Action item
Only one stretch of the listing below is wanted. Begin at the line that has "The Dining, Living, and", stop after the line that has "2つのクラスに分かれて「2次方程式の利用」を学習しています。", and repeat every line in between exactly.

Provided information
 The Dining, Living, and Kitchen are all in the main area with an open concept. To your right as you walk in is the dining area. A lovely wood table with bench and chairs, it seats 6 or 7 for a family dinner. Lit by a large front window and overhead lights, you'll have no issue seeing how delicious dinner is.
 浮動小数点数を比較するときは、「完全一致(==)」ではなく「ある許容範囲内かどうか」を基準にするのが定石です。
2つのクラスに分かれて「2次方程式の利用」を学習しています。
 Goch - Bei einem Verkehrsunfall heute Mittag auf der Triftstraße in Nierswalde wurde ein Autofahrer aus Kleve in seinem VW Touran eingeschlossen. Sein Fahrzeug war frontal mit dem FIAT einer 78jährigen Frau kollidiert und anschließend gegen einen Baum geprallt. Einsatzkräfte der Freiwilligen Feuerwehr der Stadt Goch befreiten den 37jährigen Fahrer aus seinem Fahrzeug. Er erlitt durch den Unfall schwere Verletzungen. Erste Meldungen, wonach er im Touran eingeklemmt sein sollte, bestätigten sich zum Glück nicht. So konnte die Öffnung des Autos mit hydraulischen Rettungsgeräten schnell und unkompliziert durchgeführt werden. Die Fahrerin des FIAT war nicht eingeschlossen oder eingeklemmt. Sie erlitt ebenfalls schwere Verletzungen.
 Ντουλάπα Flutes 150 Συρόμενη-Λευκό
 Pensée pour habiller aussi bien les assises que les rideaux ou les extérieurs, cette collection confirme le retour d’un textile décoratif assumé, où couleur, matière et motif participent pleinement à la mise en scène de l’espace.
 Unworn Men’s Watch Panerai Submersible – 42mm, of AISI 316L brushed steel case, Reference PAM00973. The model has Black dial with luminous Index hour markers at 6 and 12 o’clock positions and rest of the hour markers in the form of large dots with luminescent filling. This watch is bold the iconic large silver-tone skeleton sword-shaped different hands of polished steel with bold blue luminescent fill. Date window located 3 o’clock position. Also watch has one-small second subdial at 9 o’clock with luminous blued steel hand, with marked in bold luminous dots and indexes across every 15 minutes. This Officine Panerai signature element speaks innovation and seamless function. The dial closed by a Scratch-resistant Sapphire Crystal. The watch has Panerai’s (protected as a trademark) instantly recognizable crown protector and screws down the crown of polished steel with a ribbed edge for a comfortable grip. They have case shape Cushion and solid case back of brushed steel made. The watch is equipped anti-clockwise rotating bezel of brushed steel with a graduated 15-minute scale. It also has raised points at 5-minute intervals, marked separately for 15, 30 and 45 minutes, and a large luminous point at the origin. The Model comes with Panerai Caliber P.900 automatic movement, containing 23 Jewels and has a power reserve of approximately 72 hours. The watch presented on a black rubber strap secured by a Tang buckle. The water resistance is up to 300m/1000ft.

* * *

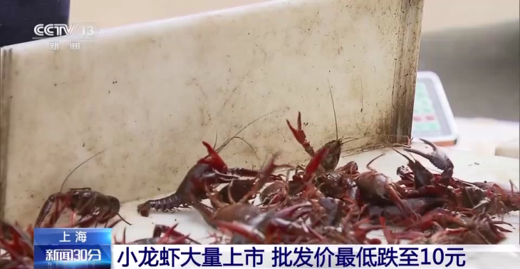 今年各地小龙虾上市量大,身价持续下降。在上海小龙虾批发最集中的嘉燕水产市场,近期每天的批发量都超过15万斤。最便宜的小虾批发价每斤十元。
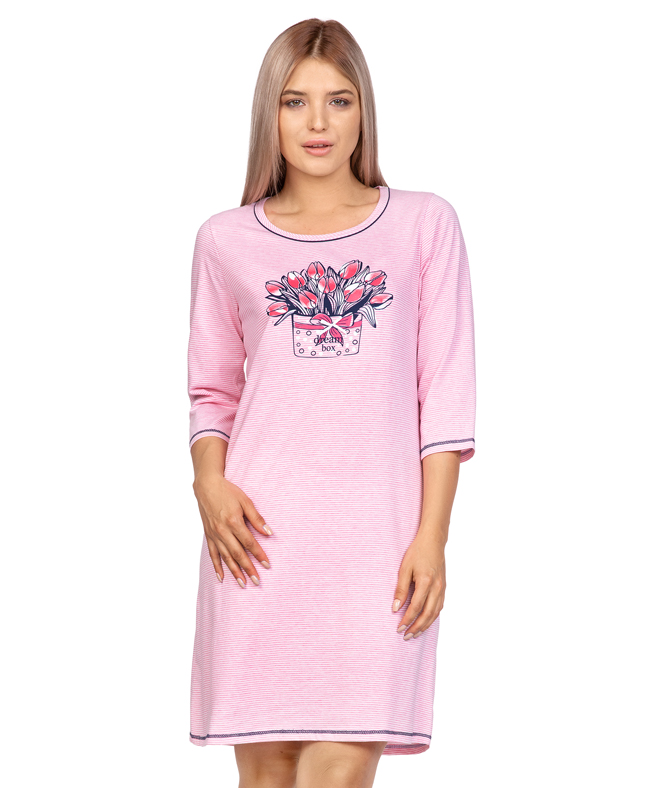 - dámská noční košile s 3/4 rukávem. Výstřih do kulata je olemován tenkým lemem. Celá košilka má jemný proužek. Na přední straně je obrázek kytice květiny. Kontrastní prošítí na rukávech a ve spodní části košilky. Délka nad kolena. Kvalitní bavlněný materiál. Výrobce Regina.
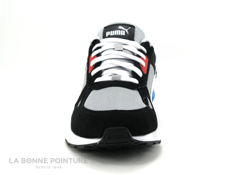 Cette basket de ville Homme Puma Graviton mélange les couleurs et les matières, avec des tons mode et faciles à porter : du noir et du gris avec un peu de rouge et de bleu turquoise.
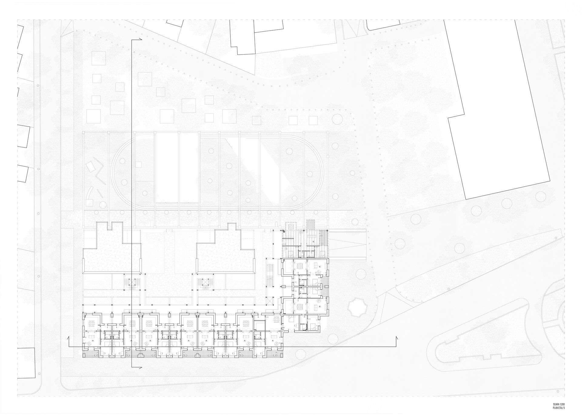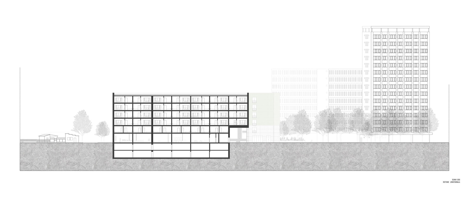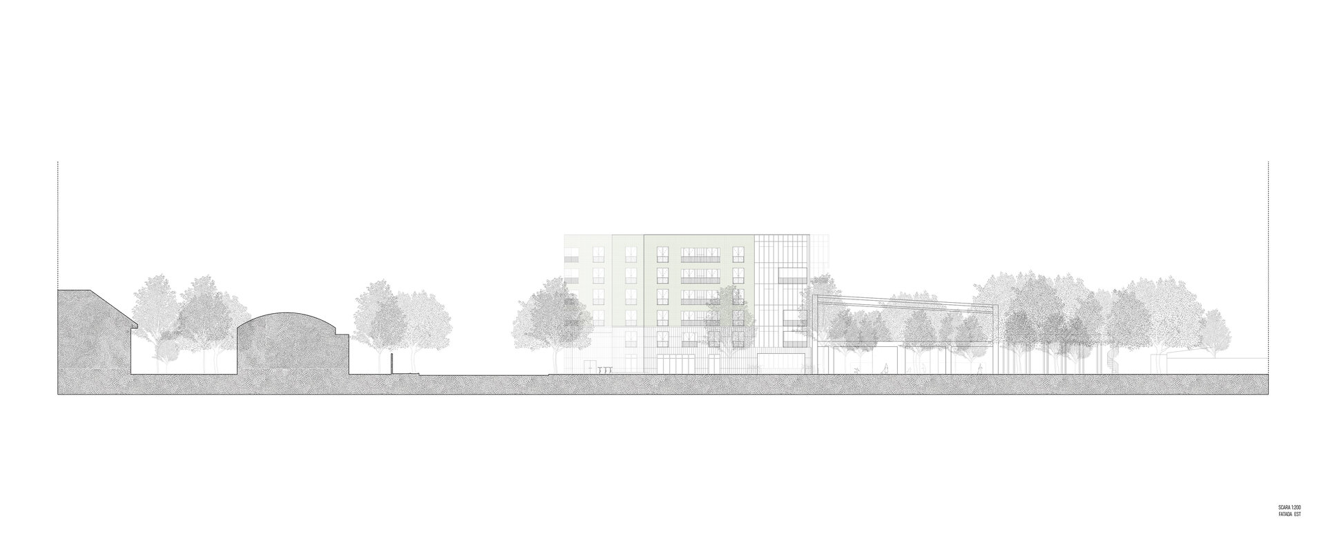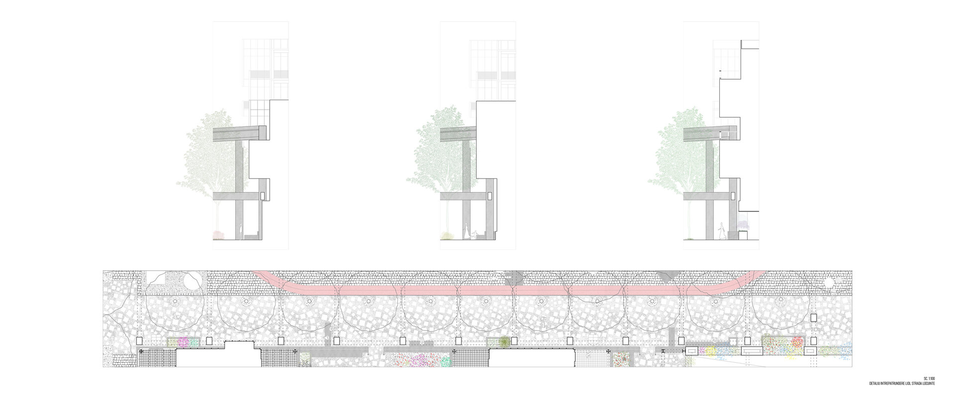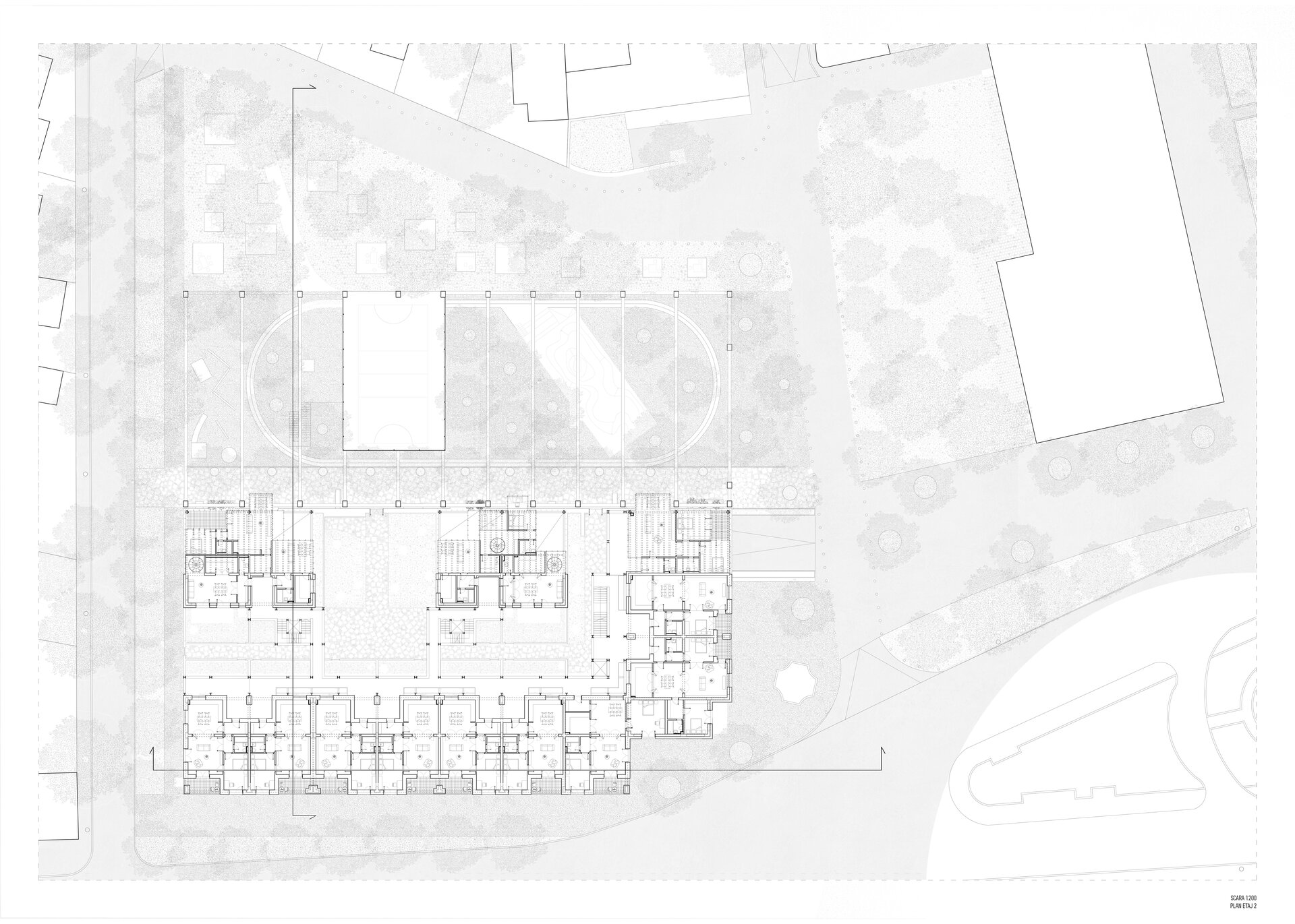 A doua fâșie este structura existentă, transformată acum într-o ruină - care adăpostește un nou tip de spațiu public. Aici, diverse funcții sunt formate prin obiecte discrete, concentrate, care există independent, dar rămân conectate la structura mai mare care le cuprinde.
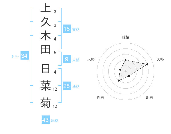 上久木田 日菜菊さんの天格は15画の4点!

Written reply
 The Dining, Living, and Kitchen are all in the main area with an open concept. To your right as you walk in is the dining area. A lovely wood table with bench and chairs, it seats 6 or 7 for a family dinner. Lit by a large front window and overhead lights, you'll have no issue seeing how delicious dinner is.
 浮動小数点数を比較するときは、「完全一致(==)」ではなく「ある許容範囲内かどうか」を基準にするのが定石です。
2つのクラスに分かれて「2次方程式の利用」を学習しています。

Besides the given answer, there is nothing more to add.